Not sure if it's a Key Stroke issue, but you quoted 4096MB, that's a humungous Image File.

Try keeping the Image size down below 4000KB's, I seem to have no issue when Posting at around 350 to 500 KB's per file size.

I use a piece of software called On One Image Sizer to pull the Original Image, Often 30 to 50 MB down to the right size.

Another issue is ensure the Image is sRGB format, if you Post Images in any other Format the Colour will not render right on CR.


----------



## eml58 (Jul 20, 2013)

rogerb said:


> can anyone give a quick "how to" on posting photos here? thanks



Get your Original Image down to a size +/- 500KB

Have it on your desk top or in a file easy to find

enter your written info in the Box where this info is going.

Below the Box is the "Attachments" Option, click 

Click "Choose File" which will show you your Files etc for selection

Click the File you want to Post

Hit Preview, to Preview

Hit Post

Depending on File size, takes a few seconds and away it goes.
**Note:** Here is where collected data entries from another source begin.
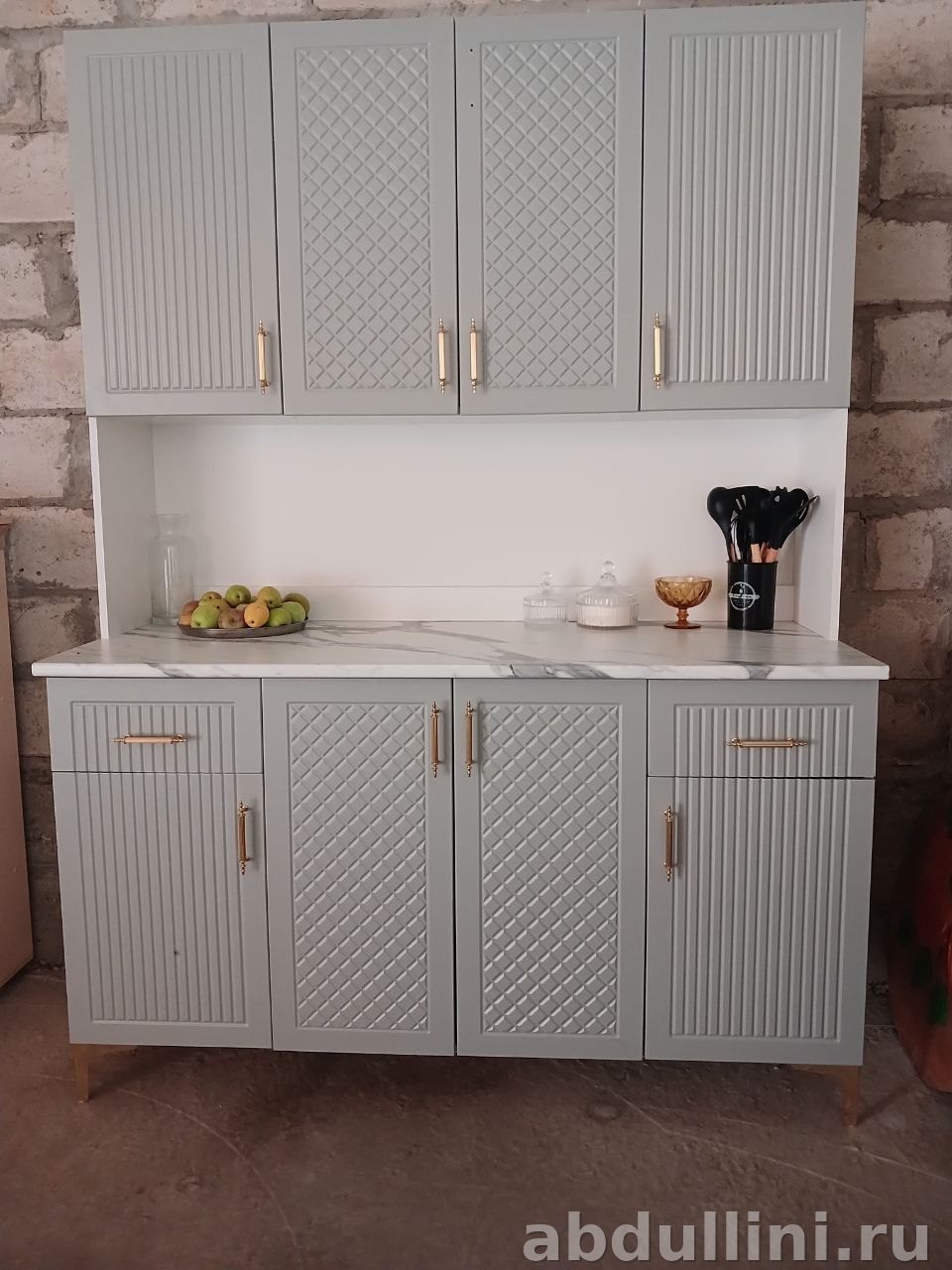 Гарнитур собран из ЛДСП и МДФ. Верхний ярус — четыре навесных шкафа, нижний — три секции: две с распашными дверцами, одна с выдвижным ящиком. Ножки золотистые.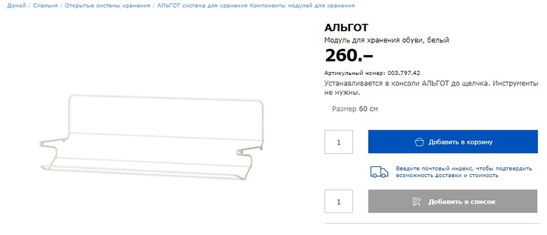Только шины уже докупать не нужно будет, только консоли и необходимые элементы: модули для обуви, полки, рейки для корзинок, штанги и т.д.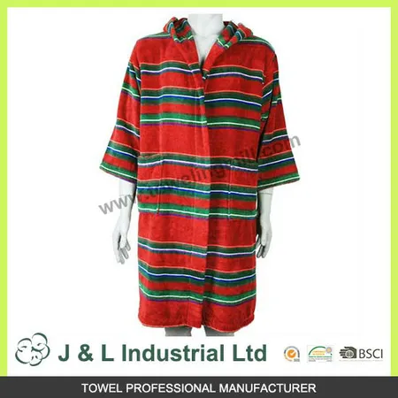 A loose fit design highlights this bathrobe. Going without a fabric belt for an unfettered feel, it features medium sleeves and two side pockets, and the colorful stripes enhance the appearance of the garment. Made 100% of cotton with a velour finish, this bathrobe will ensure that you have a cozy evening after shower.

Important, Convert your Image Files to sRGB Format, RGB1988 or other Adobe type File Formats will not render colour well on CR, sRGB seems the best Format.


----------



## rpt (Jul 20, 2013)

rogerb said:


> can anyone give a quick "how to" on posting photos here? thanks


I did on the 6D thread in a reply to your unsuccessful post.


----------



## rogerb (Jul 20, 2013)

thank you rpt and eml58.


----------



## rpt (Jul 20, 2013)

rogerb said:


> thank you rpt and eml58.


Any day


----------